South Africa works to halt auction of valuable Nelson Mandela artifacts | Latest News on Nelson Mandela


The South African government is in opposition to an auction of items that belonged to Nelson Mandela, as they believe the artefacts are of historical significance and should remain preserved in the country. The 75 items, which include Mandela’s iconic Ray-Ban sunglasses, personal letters from prison, and gifts from world leaders, are set to be auctioned off in a deal between Mandela’s family and a New York-based auctioneer. Despite the government’s appeal to halt the auction, the North Gauteng High Court in Pretoria has given the go-ahead for the auction to proceed.

The auction has stirred up controversy and debate on social media in South Africa, with many expressing their disapproval of what they consider to be the auctioning off of the nation’s cultural heritage. However, Mandela’s daughter Makaziwe stated that the proceeds from the auction will be used to build the Mandela Memorial Garden in Qunu, the village where he is buried, and to benefit the economic development of the former Transkei region where Mandela was born and raised.

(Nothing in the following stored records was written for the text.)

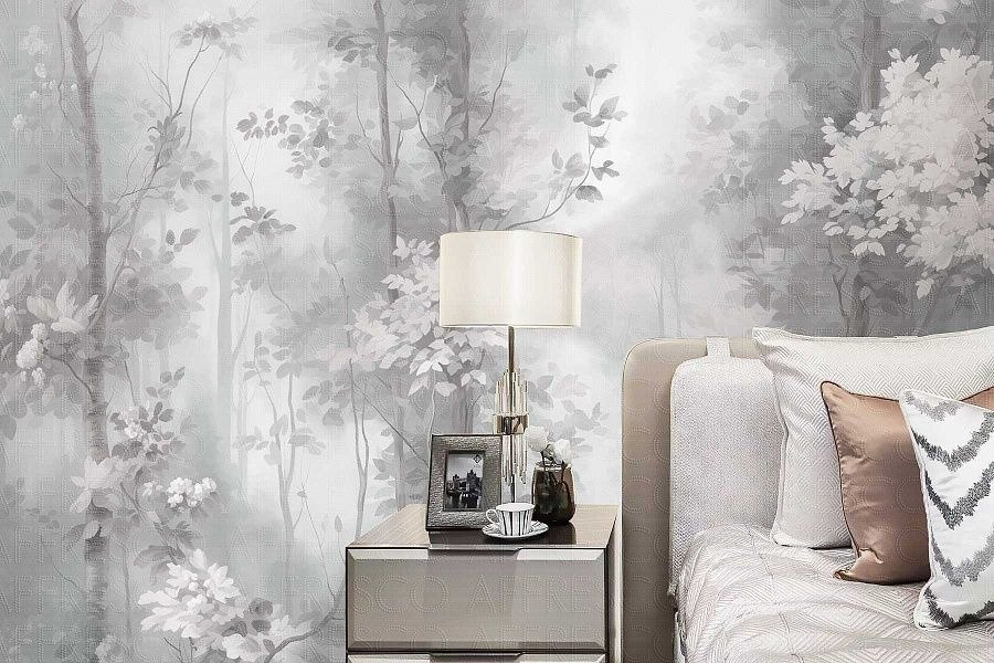 AF2319) представляют собой изысканную художественную стилизацию лесного пейзажа. Сюжет выполнен в технике, напоминающей мягкую акварельную живопись, где акцент сделан не на детализации каждого листка, а на передаче атмосферы, глубины и игры света. 🔸️Цветовые вариации: Коллекция предлагает разные сценарии — от монохромных серо-графитовых оттенков (COL5), создающих строгий и элегантный вид, до нежных оливковых, мятных и золотисто-бежевых тонов (COL1, COL2, COL3), которые привносят природную свежесть. 🔸️Благодаря своей деликатной эстетике и отсутствию резких линий, этот сюжет универсален, но наиболее выигрышно он подчеркнет следующие стили: 🔸️Современный минимализм: Обои станут главным декоративным акцентом в лаконичном пространстве. Они избавляют интерьер от монотонности, не перегружая его лишними деталями. 🔸️Стиль "Тихая роскошь": Природные мотивы в приглушенной гамме идеально соответствуют этому направлению. Они выглядят дорого, благородно и создают ощущение спокойствия. 🔸️Ск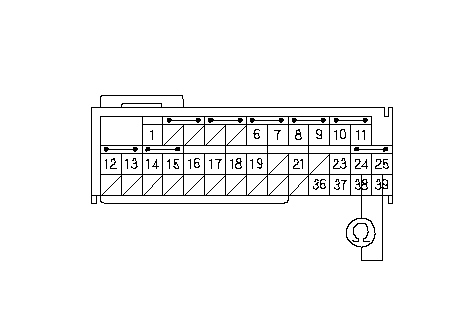 Измерьте сопротивление между клеммами № 24 и № 25 разъема В (39Р) блока SRS. Сопротивление должно быть 0 - 1,0 Ω.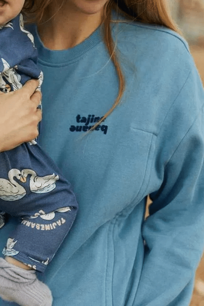 Le nouveau Sweat Tajine Banane adapté à l’allaitement et à la grossesse. Grâce à sa double ouverture par zips et sa bande de discrétion à l’intérieur, vous pourrez allaiter confortablement. En molleton très souple et tout doux ! Un joli flocage en velours TAJINE BANANE sur le coeur. Pour ce sweat d’allaitement adapté à la grossesse, un brin loose, nous vous conseillons de prendre votre taille habituelle.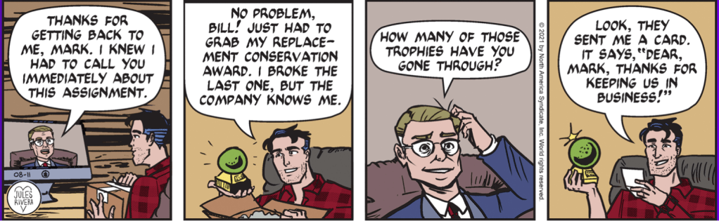 As for the art today…well, Bill’s image in panel 3 is markedly jagged and unevenly constructed, as if the head was glued down in the wrong position. Frankly, he reminds me of old-fashioned wooden marionettes, like you can see on the English “Thunderbirds” TV series. As for Mark, I think we have to accept the fact that Mark’s unkempt hair is always going to be that way; a thumb in the eye to the prior Mark and what I describe as a pomaded side-slicked haircut and spit curl.  And I’m okay with that! As for the drawing of the award, it looks like it was designed to be in Pearls Before Swine. I reckon that it is supposed to be some kind of glass ball on a brass stand, but looks more like a balloon glued to the top of an old-fashioned inkwell.
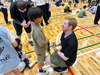 8月1日(木)、中之島小中一貫校の体育館で、5・6年生向けの英語体験イベント「イングリッシュデイ」がありました。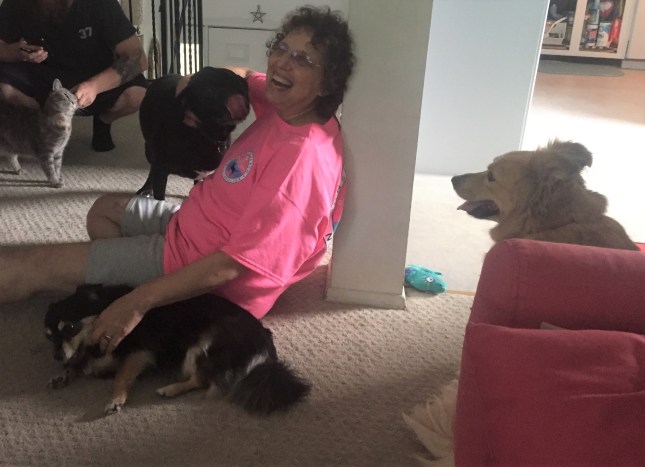 A storm was coming, as is usual in August. K8 snapped a picture of all 3 dogs hoping that I could save them from the impending booms. It is rare that you get a shot of me with all of them. I love my goofballs.

At the same time, the planned auction has come at a time when many African countries are seeking the return of treasured African artworks and artefacts that were removed from the continent during colonial years. This effort includes recent deals between Nigeria and Germany for the return of the Benin Bronzes and the return of the Abomey Treasures from France to present-day Benin. The controversy surrounding the auction of Mandela’s items reflects a larger global discussion on the repatriation and preservation of cultural heritage.